Когда я под Новый год подводил итог года прошедшего и сам себе давал задания на год грядущий, то одним из таких заданий было: «Выехать наконец с работы и поселиться наконец в собственном доме». Второе задание касалось друзей, знакомых и вообще близких мне людей. Я решил, что буду уделять им больше времени, что буду навещать их, приглашать к себе, что буду бережнее относиться к ним. Я не хочу в очередной раз услышать во время телефонного разговора: «Если мне хочется узнать, что у тебя, мне достаточно лишь зайти на твой интернет-сайт», или «Если мне захочется увидеть, как ты выглядишь, я всегда могу купить экземпляр „Пани“ в киоске», или еще хуже «Ты еще помнишь, как нас зовут? Ну а как зовут наших детей?» Помню-помню. Их зовут Томек и Юлия…
Юлии пятнадцать лет и родилась она в Нюрнберге. Туда из Ополе в 1987 году выехали ее родители. Несколько лет спустя они переехали в Мюнхен. С отцом Юлии я учился на экономическом факультете в Торуни, мать — медсестра, в которую без памяти влюбился отец Юлии и за которой из Торуни поехал в Ополе. Это она спрашивала меня об именах их детей. А поскольку во мне еще свежа память моих новогодних клятв, я поехал в Мюнхен (если бы мне пришлось выстроить рейтинг больших немецких городов в соответствии с красотой, то Мюнхен оказался бы на втором месте, сразу за Гамбургом).

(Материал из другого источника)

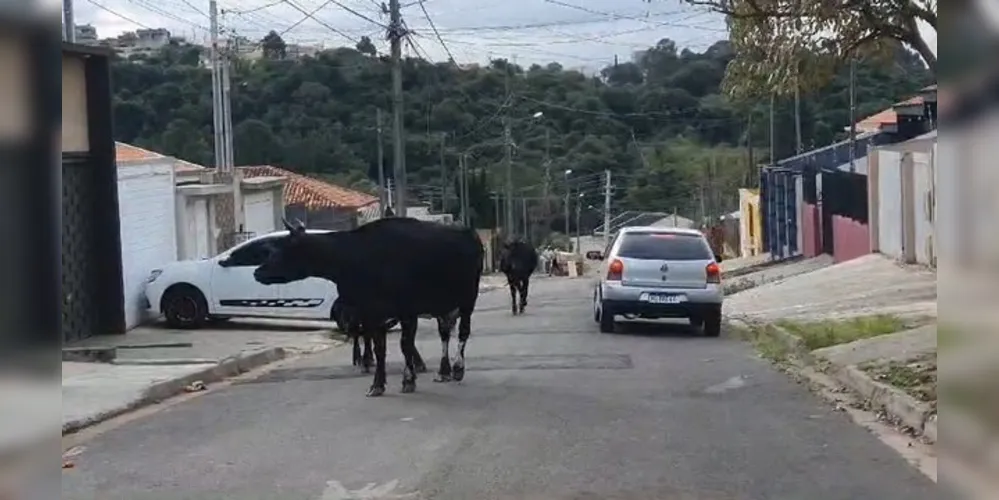 Moradores da rua Orlando Stella, no bairro Neves, em Ponta Grossa, se depararam com uma situação inusitada na tarde desta quarta-feira (24), três vacas transitavam pelo local, caminhando em meio aos carros que passavam pela região.
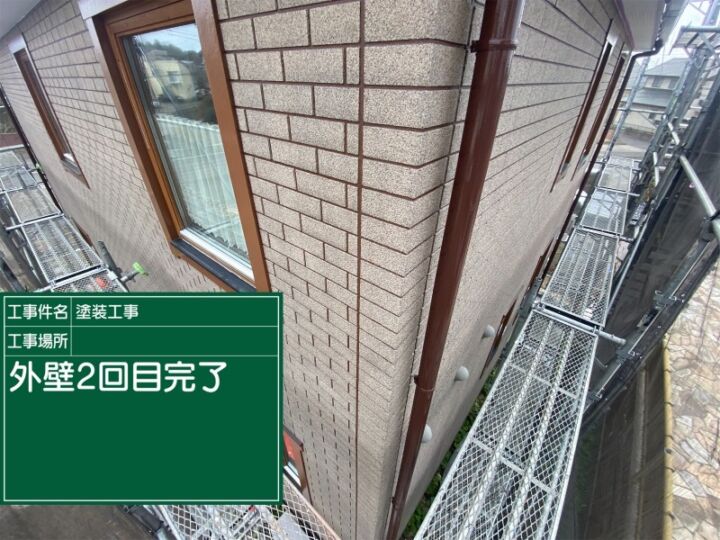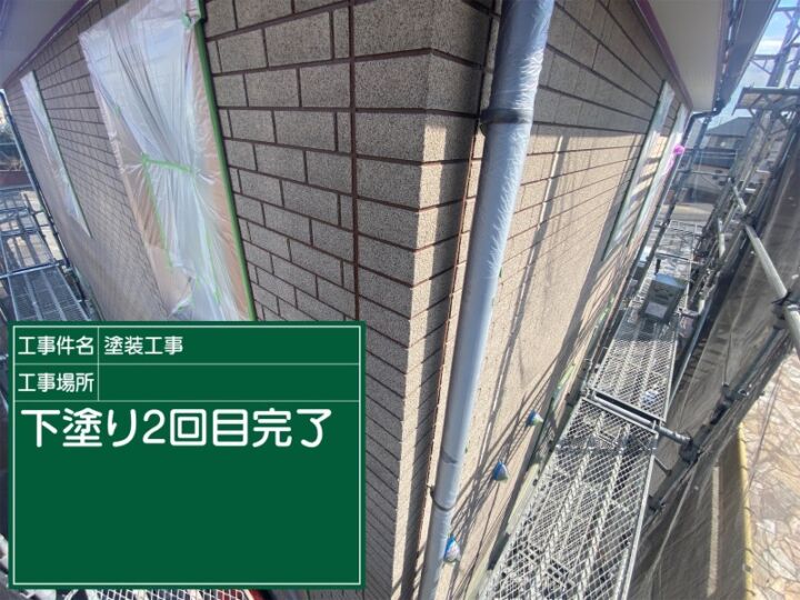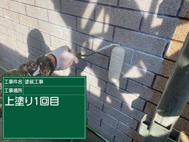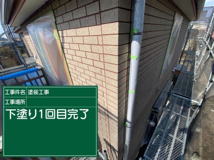 土浦市のクリア塗装、外壁1回目の上塗りが完了しました。
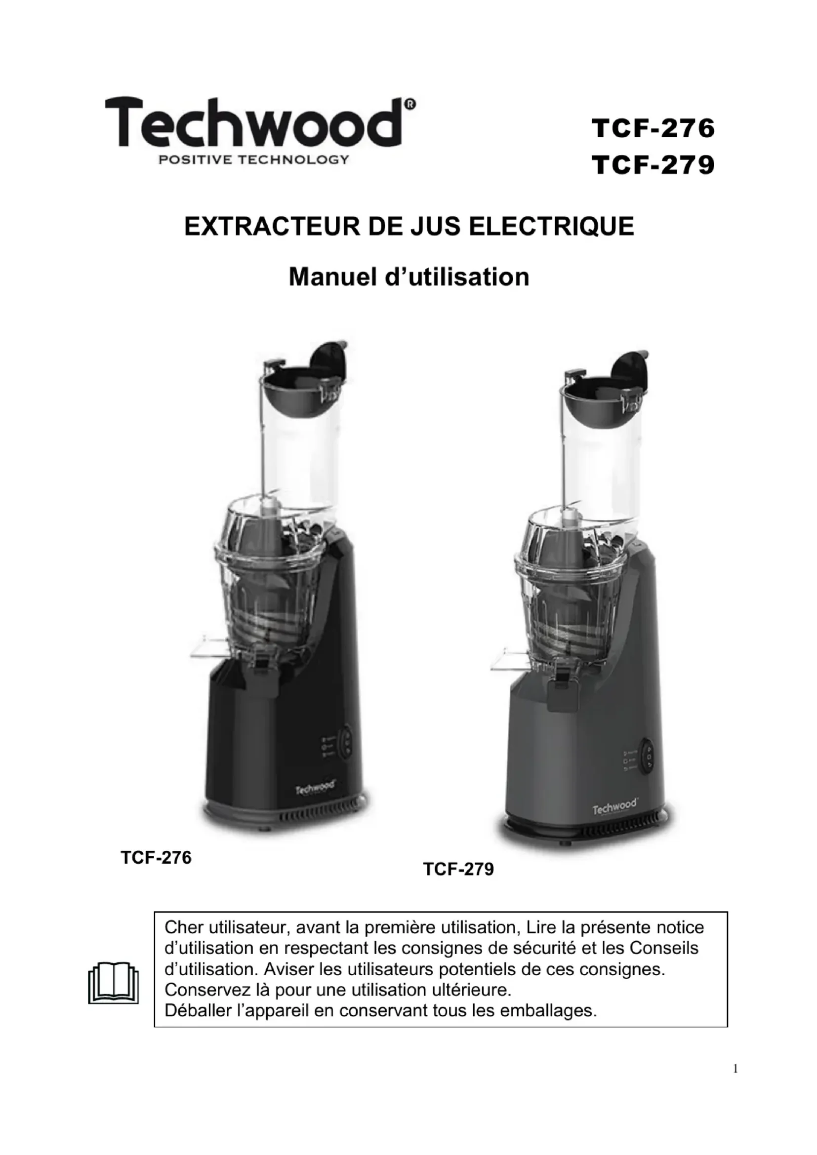 TCF279 - Extracteur de jus TECHWOOD - Notice d'utilisation et mode d'emploi gratuit
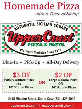 Upper Crust Pizza Coupon Codes. Get 24 upper crust pizzeria promo code at couponbirds. Join us for free to earn cash back.

В полном смысле слова католическая семья. Множество книг на полках. Никаких разводов, никаких романов на стороне, никаких уходов и возвращений. Стабильная первичная ячейка общества. Со вкусом устроенная квартира, отпуск с детьми на Майорке, в Португалии или на Балтийском побережье, две машины, счет в Сбербанке, мечты о домике в деревне под Мюнхеном. Типичный немецкий достаток польской интеллигентской семьи из среднего класса.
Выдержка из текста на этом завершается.